Выбрать главу

В 1993 году Стейнхардт и его коллеги-биржевики перенесли стратегию облигаций в Европу. Кризис механизма регулирования курса валют закончился, Европа держала курс на валютный союз, и этот процесс способствовал сближению процентных ставок по всему континенту. Такие страны, как Италия и Испания, которые имели слабые показатели по инфляции и, как следствие, вынуждены были компенсировать инфляцию высокими процентными ставками для инвесторов, подчинялись жестким правилам борьбы с инфляцией. Их процентные ставки стали снижаться до уровня ставок Германии.
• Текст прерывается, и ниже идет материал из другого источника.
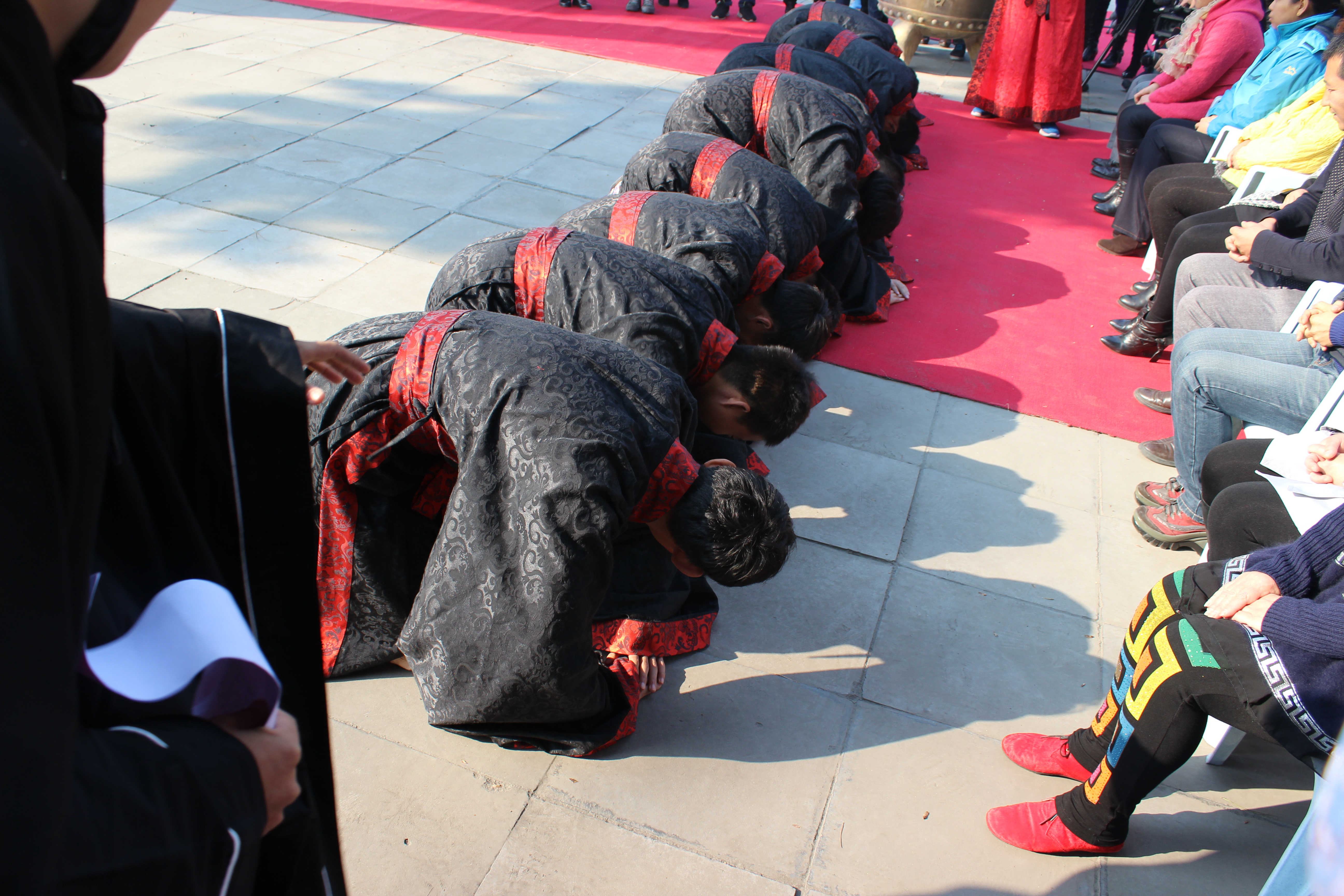 成人礼是我国古代最重要的人生礼仪之一,在伟大的教育家孔子的圣殿前,100名学生加冠、加笄,一拜父母,感念父母养育之恩;二拜师长,感恩老师辛勤教导;三拜孔子像,传承文明报效祖国。面对着孔子像,jinnian金年会学生庄严的立下誓言:“学农民之德,学商人之智,学军人之体,学技师之能,学圣贤之心。”随后,哈尔滨电视台记者采访了我院程刚书记以及药品专业学生王鹏达、季磊,程书记在接受记者采访时说,“学院一直致力于培养学生自强有为、自信自立、敢于担当的品质,将优秀的毕业生输送到社会中去,为他们努力成为一个积极为社会创造价值的人才奠定坚实的基础。”学生们也纷纷表示,“成人礼仪式对他们的人生产生了深远的影响,励志继续弘扬中华优秀传统文化,践行社会主义核心价值观,为努力实现中国梦做出应有的贡献。”

Стейнхардт и другие трейдеры «вагонами» скупали испанские и итальянские облигации, получая прирост капитала за счет снижения процентных ставок. Снова они ухватились за возможность, которую им фактически предложило правительство. Европейские политики не скрывали своих намерений ни по поводу валютного союза, ни относительно проистекающей из него конвергенции процентных ставок.

Благодаря готовности воспользоваться подобными возможностями в той мере, в какой большинство конкурентов не могло этого сделать, в начале 1990-х хеджевые фонды сильно обогатились. Старшие инвестиционные банкиры покинули Goldman Sachs и Salomon Brothers, чтобы принять участие в новой игре, и одна юридическая фирма на Уолл-стрит претендовала на роль «повивальной бабки» для новоиспеченного партнерства хеджевого фонда за 2 % в месяц5. Здание Helmsley в начале Парк-авеню, ранее знаменитое богато украшенным холлом в стиле ар-деко и своими потертыми латунными лифтами, стало известно как гостиница, где размещались хеджевые фонды. В неподписанных номерах люкс на верхних этажах небольшие группы трейдеров открыли свои офисы, беспорядочно инвестируя деньги от имени богатых клиентов. Количество хеджевых фондов резко возросло с немногим более одной тысячи в 1992 году до, наверное, трех тысяч в следующем году, и их гонорары росли почти так же быстро6. На заре появления хеджевых фондов А. У. Джонс не брал комиссионных за управление средствами, и просил лишь 20 % от прибыли с инвестиций. Второе поколение хеджевых фондов, таких как фонд Майкла Стейнхардта, требовало 1 % за управление средствами плюс 20 % от прибыли с инвестиций. Теперь, в начале 1990-х, в пьянящем ажиотаже активные новоявленные хеджевые фонды требовали «2 и 20». «Наверное, никогда за всю историю своего существования, такие немногочисленные, они не делали так много денег с такой быстротой», — с восхищением сообщалось в статье журнала Forbes7.

Быстрые деньги не обошлись без разногласий. Энергичная деятельность теневого банка Стейнхардта, которой подражало большинство других крупных фондов, побудила его купить большое количество недавно выпущенных правительственных облигаций, что в какой-то момент привело к эффективному захвату рынка. В апреле 1991 года на аукционе казначейства Стейнхардт и Брюс Ковнер сделали между собой ставки на сумму 6,5 миллиарда долларов из 12 миллиардов, в которые оценивались бумаги, подлежащие выпуску. Затем они ссудили эти бумаги спекулянтам, играющим на понижение («медведям»), и выкупили их обратно, закончив приобретением облигаций на сумму 16 миллиардов долларов — другими словами, существенно больше, чем 100 % рынка8. Так как облигации подскочили в цене, спекулянты, играющие на понижение, пытались выйти из игры, но выкупить ценные бумаги они не могли, ведь рынок целиком принадлежал Стейнхардту и Ковнеру, а они ничего не продавали. Жертвами этого «короткого сжатия» (ситуации на рынке, когда «медведи» сталкиваются с повышением цен) пали Goldman Sachs, Salomon Brothers и Bear Stearns. Едва ли это был тот случай, когда акулы пожирают невинных. Но неизбежно нашелся тот, кто подал иск в суд. После трех лет судебных тяжб Стейнхардт и Ковнер согласились на выплаты, не признав себя виновными. Стейнхардт согласился выплатить спекулянтам 40 миллионов долларов компенсации, а Ковнер выплатил 36 миллионов долларов9. И словно одной стычки с законом было недостаточно, на обоих подали иск за несоблюдение правил на аукционе казначейства в мае. И снова они пошли на мировую, по условиям которой они выплатили компенсации истцам10.